Wednesday, December 5, 2012
Psalm 143:8/Cause Me To Hear
Joshua & his dad at the Grand Canyon
As grieving parents, are our ears stopped up today? Have they been for awhile?
My hearing becomes stuffed full of cotton more times than I care to admit. I don't see God working in my life. I don't sense Him in the moments when life almost chokes out my trust in God.
Look at what David wrote: Cause me to hear thy lovingkindness in the morning; for in thee do I trust: cause me to know the way wherein I should walk; for I lift up my soul unto thee. Psalm 143:8 KJV
King David never stopped trusting in the Lord. That is profound to me, one with such a wee faith. I long to trust the Lord, but it's hard work. I've never stopped trying, but it's still hard work.

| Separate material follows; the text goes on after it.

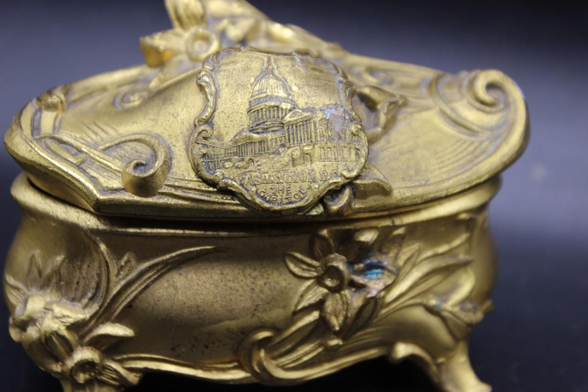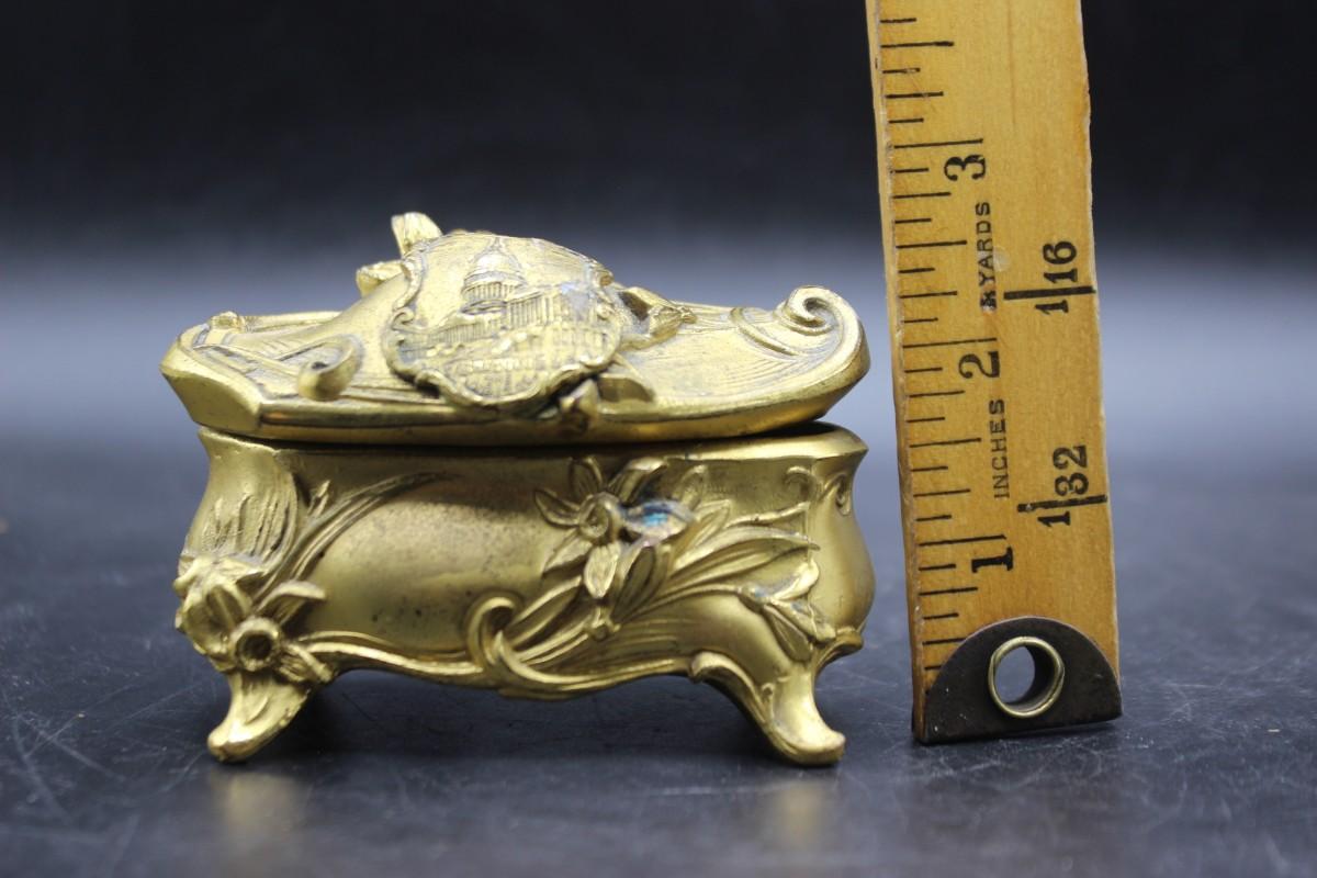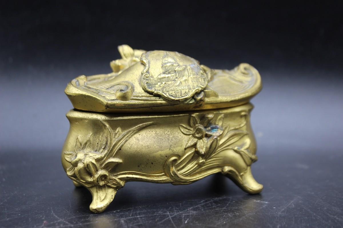 Small Gold Painted Art Nouveau Style Washington DC Trinket Jewelry Box

I also found more in this first part: Cause me to hear thy lovingkindness in the morning;
I can not count the mornings after Joshua's suicide when I woke, feeling a black hole in my heart. And a dull void in my brain. Even at the present, I know the trigger days when I wake and the blues will cloud my mind. Days like Joshua's birthday, death day, his favoritie holidays.
How about you? Do you ever feel as I do?
God bless you, dear reader, and this my prayer: Father God, please give those of us grieving parents Your strength to rise up and know that You are ready to meet us in the mornings. In Jesus' name. Amen.